Could you please transcribe the data exactly, without the pictures?
Data segment: Begin
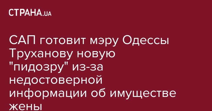 САП готовит мэру Одессы Труханову новую "пидозру" из-за недостоверной информации об имуществе жены
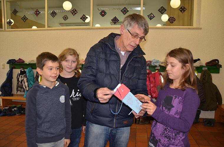 Auch Isabella beobachtet gerne Vögel. Deshalb hat sie die Futterstation aus dem Milchkarton gebastelt. "Die Anleitung dazu habe ich in einem Buch hier in der Schule gesehen", sagt sie. Doch es ist nicht ihre erste Bastelei. Eine weitere Futterstation hängt bereits im heimischen Garten in Stralsbach. "Es kommen viele Meisen und auch ein Star", erzählt die Zehnjährige. Der hatte diesen Sommer unterm Dach gebrütet. Nun möchte Isabella von Dieter Fünfstück wissen, wo sie die zweite Futterstation am besten anbringen kann. "Die kannst du ruhig etwa zwei, drei Meter von der anderen entfernt dazu hängen", empfiehlt der Experte.
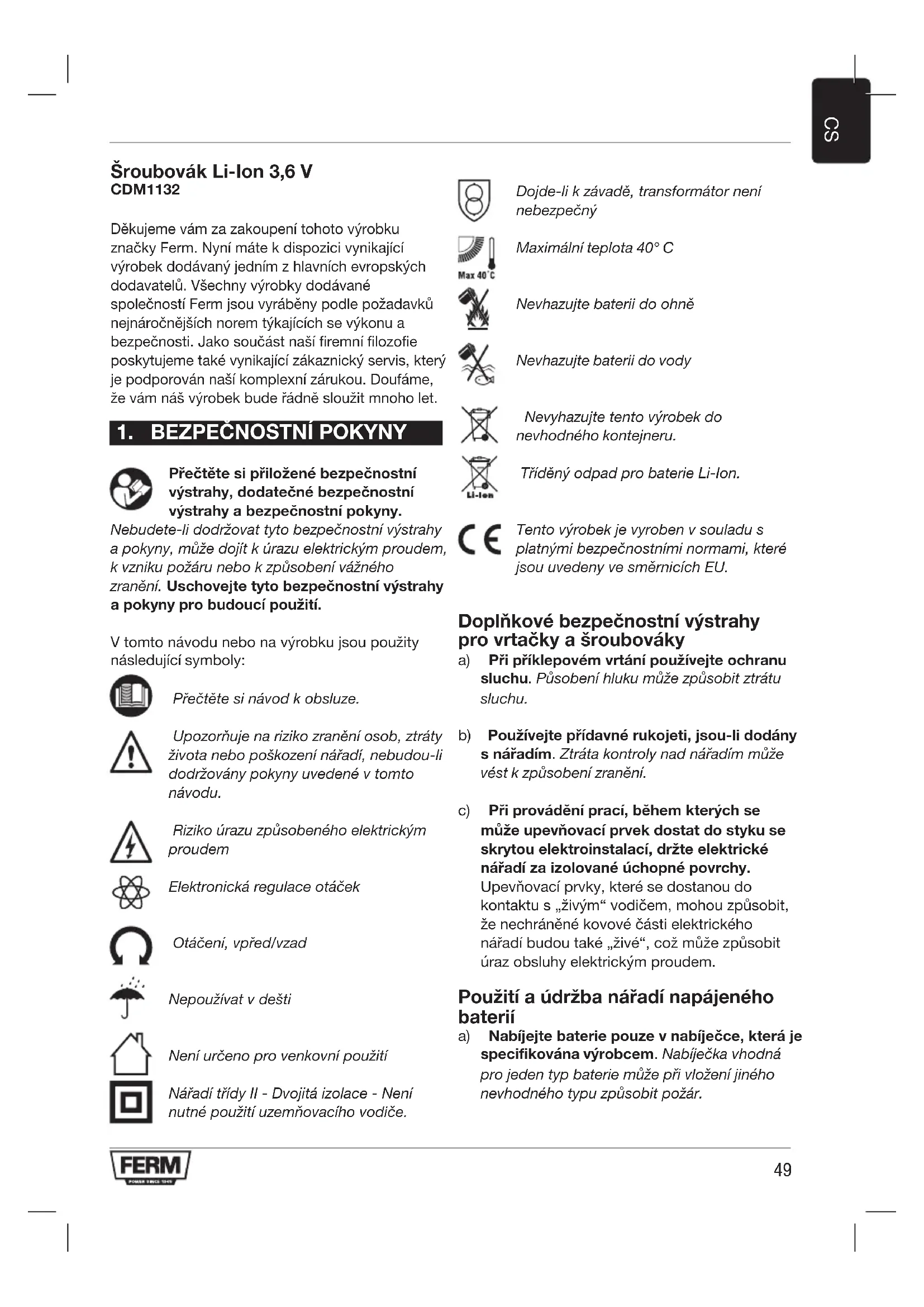 Šroubovák Li-Ion 3,6 V CDM1132 Děkujeme vám za zakoupení tohoto výrobku značky Ferm. Nyní máte k dispozici vynikající výrobek dodávaný jedním z hlavních evropských dodavatelů. Všechny výrobky dodávané společností Ferm jsou vyráběny podle požadavků nejnáročnějších norem týkajících se výkonu a bezpečnosti. Jako součást naší firemní filozofie poskytujeme také vynikající zákaznický servis, který je podporován naší komplexní zárukou. Doufáme, že vám náš výrobek bude řádně sloužit mnoho let.
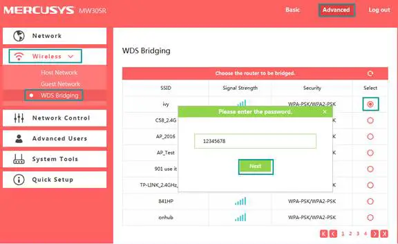 Select your own wireless network name from the list and type in the wireless password of your main router. Click on Next.
Data segment: End
**Response to this task**
 САП готовит мэру Одессы Труханову новую "пидозру" из-за недостоверной информации об имуществе жены
 Auch Isabella beobachtet gerne Vögel. Deshalb hat sie die Futterstation aus dem Milchkarton gebastelt. "Die Anleitung dazu habe ich in einem Buch hier in der Schule gesehen", sagt sie. Doch es ist nicht ihre erste Bastelei. Eine weitere Futterstation hängt bereits im heimischen Garten in Stralsbach. "Es kommen viele Meisen und auch ein Star", erzählt die Zehnjährige. Der hatte diesen Sommer unterm Dach gebrütet. Nun möchte Isabella von Dieter Fünfstück wissen, wo sie die zweite Futterstation am besten anbringen kann. "Die kannst du ruhig etwa zwei, drei Meter von der anderen entfernt dazu hängen", empfiehlt der Experte.
 Šroubovák Li-Ion 3,6 V CDM1132 Děkujeme vám za zakoupení tohoto výrobku značky Ferm. Nyní máte k dispozici vynikající výrobek dodávaný jedním z hlavních evropských dodavatelů. Všechny výrobky dodávané společností Ferm jsou vyráběny podle požadavků nejnáročnějších norem týkajících se výkonu a bezpečnosti. Jako součást naší firemní filozofie poskytujeme také vynikající zákaznický servis, který je podporován naší komplexní zárukou. Doufáme, že vám náš výrobek bude řádně sloužit mnoho let.
 Select your own wireless network name from the list and type in the wireless password of your main router. Click on Next.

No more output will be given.